The success of the human race relies on the institution of motherhood: the assumption that most women, once they have identified a child as their own, will make its survival the point of her life. Furthermore, it is an honor, the greatest joy a woman will ever know, to wrap her life protectively around that of her children. It has been this way across every culture, though all of recorded history. Having children is the evolutionary goal of life. It’s God’s design. It makes you happy.
Or does it?
The dirty secret is leaking out, through blogs, message boards, and even books. Mothers saying in words loaded with guilt, “I’m not enjoying this. This isn’t like I thought it would be. I’m not fulfilled. And I feel really, really bad about that.”
Perhaps more surprising is science’s contribution to the issue. A comprehensive 2005 study published in the psychiatric Journal of Health and Social Behavior found: “Although there are inconsistencies in findings across studies, most research either finds that parents do not significantly differ in emotional well-being from non-parents or that parents report significantly more emotional distress than persons who have never had children.”
Jane is a Salem-area mother of two small children. She agreed to speak about her feelings toward motherhood honestly, but only if promised the strictest anonymity. Her sentiments could be coming from any number of mothers.
“I’m not sure I had a lot of expectations about what motherhood would be like. I guess when I thought about it I thought in terms of my cat who likes attention, but is perfectly capable of entertaining and taking care of herself for hours at a time. I guess I was unprepared for the constant vigilance and attention kids require.”
Jane quit a career she enjoyed to devote herself to her children. “When I first broached the idea of having kids I was between jobs and a little bored. I thought having a baby might fix that. I didn’t realize it would be several years later and I’d be into a job I adored before we finally had a baby in our home.”
Jane also speaks of the joy of parenting, the moments a woman is promised if she undertakes children, the loving and laughter and warmth. She says, “Those special moments are real, although not frequent enough. I live for those too brief good moments, but most of the moments feel like I’m slogging through them. Maybe that’s something wrong with me.”
Jane isn’t alone in her feelings that her discontent indicates something is wrong with her. The Internet is teeming with women taking advantage of anonymity to say the same shameful thing. But has it always been this way?
The National Marriage Project’s 2006 “State of Our Unions” report suggested that these feelings of dissatisfaction are relatively new. In generations past, children were an investment, a way to eventually ensure a better running home and business, and a retirement plan when old age came. Nowadays children are less likely to play an active role in the financial stability of a household, with more aged parents using their own savings to pay for elder care, as well as often continuing to support their children far into adulthood.
Women especially can be expected to experience more choices and variety than their grandmothers. They sample fulfillment that doesn’t involve having kids, in work and social fields, often in ways that are hard to get back to once kids are born. The loss of this perfectly good old life can be difficult to adjust to.

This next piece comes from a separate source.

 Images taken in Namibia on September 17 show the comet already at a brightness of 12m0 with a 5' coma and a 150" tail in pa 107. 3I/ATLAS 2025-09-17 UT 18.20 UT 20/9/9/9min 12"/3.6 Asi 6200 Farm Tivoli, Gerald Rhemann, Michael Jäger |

Barbara Almond, a mother of three grown sons, has worked for 38 years as a psychotherapist, psychiatrist and psychoanalyst. During her career she has worked extensively examining mother/child relationships. Her new book, “The Monster Within: The Hidden Side of Motherhood” is sourced from these experiences. Almond has a term for these emotions, the feeling that your children and the experience of motherhood are disappointing: “Maternal Ambivalence.” She claims that it is a very widespread and natural occurrence, that nonetheless comes loaded with guilt.

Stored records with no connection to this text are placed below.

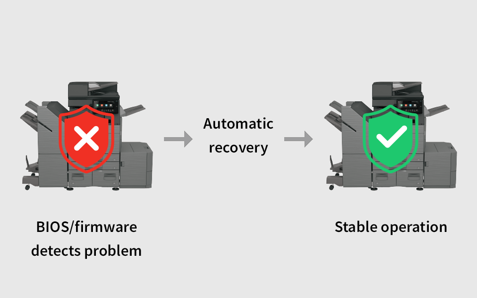 When booting up, the MFP checks for any anomalies in the BIOS/firmware. If it finds a problem, it aborts the startup and launches an automatic BIOS recovery. By verifying the firmware, the BIOS protects the MFP system. If there are other firmware-related issues, the MFP will attempt recovery to protect the system.
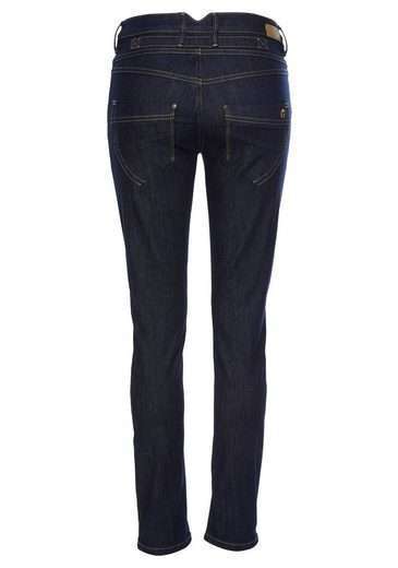 Die Used-Jeans gibt dir einen modernen Look mit offener Knopfleiste, authentischer Waschung und zahlreichen dekorativen Teilungsnähten und Kontrastteilen.
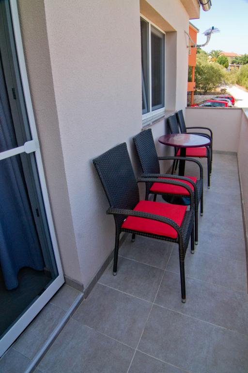 Apartments located in a new building in a quiet street with a beautiful view of the sea, islands and Velebit. Each apartment has a separate entrance. The apartments are fully equipped for a pleasant summer vacation and have one parking space in the yard. They are equipped with a TV set and a wireless network (Wi-Fi). Bed linen and bathroom towels are included in the rental price. Guaranteed use of the barbecue in the yard. Apartment 4, air-conditioned, 45 m2, located on the first floor, has a double bedroom and a children's bedroom with two beds each. The balcony is 6 m2 and the terrace 9 m2. The kitchen connected to the dining room is equipped with basic kitchen appliances, cooking and serving utensils. Apartment 2+2, air-conditioned, surface 45 m2, is located on the ground floor and has a double bedroom and the possibility of a double bed in the living room. Terrace of 9 m2. The kitchen connected to the dining room is equipped with basic kitchen appliances, cooking and serving utensils. Pets are not allowed

Almond says, “It has been my experience that mothers feel very depressed and guilty about any negative feelings they have about their children. They strive to mother perfectly and this is often done at the expense of their own needs. It is only in very recent years that complaints have been voiced publicly. Most middle-class mothers drive themselves too hard and ignore their own needs. They live in a tense and competitive atmosphere when it comes to parenting.”

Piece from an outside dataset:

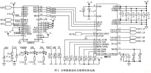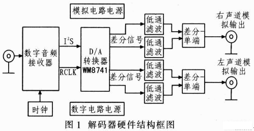 圖1是該解碼器硬件結(jié)構(gòu)框圖,其中數(shù)字音頻接收器采用CirrusLogic公司的高速數(shù)字音頻接收器CS8416,該器件支持包括S/PDIF在內(nèi)的多種音頻輸入,取樣頻率范圍為32~192kHz。CS8416通過(guò)I2S接口與WM8741相連接。I2S總線只處理音頻數(shù)據(jù),其他控制信號(hào)必須單獨(dú)傳輸。CS8416的工作原理:接收器把接收到的S/PDIF格式的數(shù)字音頻數(shù)據(jù)進(jìn)行解碼轉(zhuǎn)換,同時(shí)重建音頻數(shù)據(jù)中的時(shí)鐘并提供給后續(xù)WM8741,音頻數(shù)據(jù)則通過(guò)I2S總線接口發(fā)送給WM8741。WM8741按照設(shè)定的參數(shù)完成數(shù)模轉(zhuǎn)換后,再以差分形式輸出左右通道的模擬音頻信號(hào),并經(jīng)低通濾波器濾除高頻諧波噪聲,最終得到高質(zhì)量模擬電壓信號(hào)。如果輸出接口為RCA,還需將差分信號(hào)轉(zhuǎn)換為單端信號(hào)。

The decision to have children is not fated, as it used to be. Even after the advent of birth control, it was still a given that happy unions would produce children. But now studies are showing that not only is happiness plentiful for nonparents, but becoming a parent might actually detract from happiness in some measurable way.
For the first time in history, it may be becoming acceptable to not be one of those people. A world may be dawning where not having children doesn’t automatically mean you’re selfish or short-sighted. Rather, it indicates a contentment with life as it is.
And furthermore, if a woman does choose to become a mother, perhaps it is now more possible than ever to strive for a “selfish” balance between the needs of the mother and her children. To have a realization that complete self-sacrifice isn’t the only good way to parent.
Almond says, “Perhaps the pendulum is swinging away from ‘perfect mothering,’ which is impossible anyway, to motherhood that takes into account the needs of both parties. This might be better for everyone.”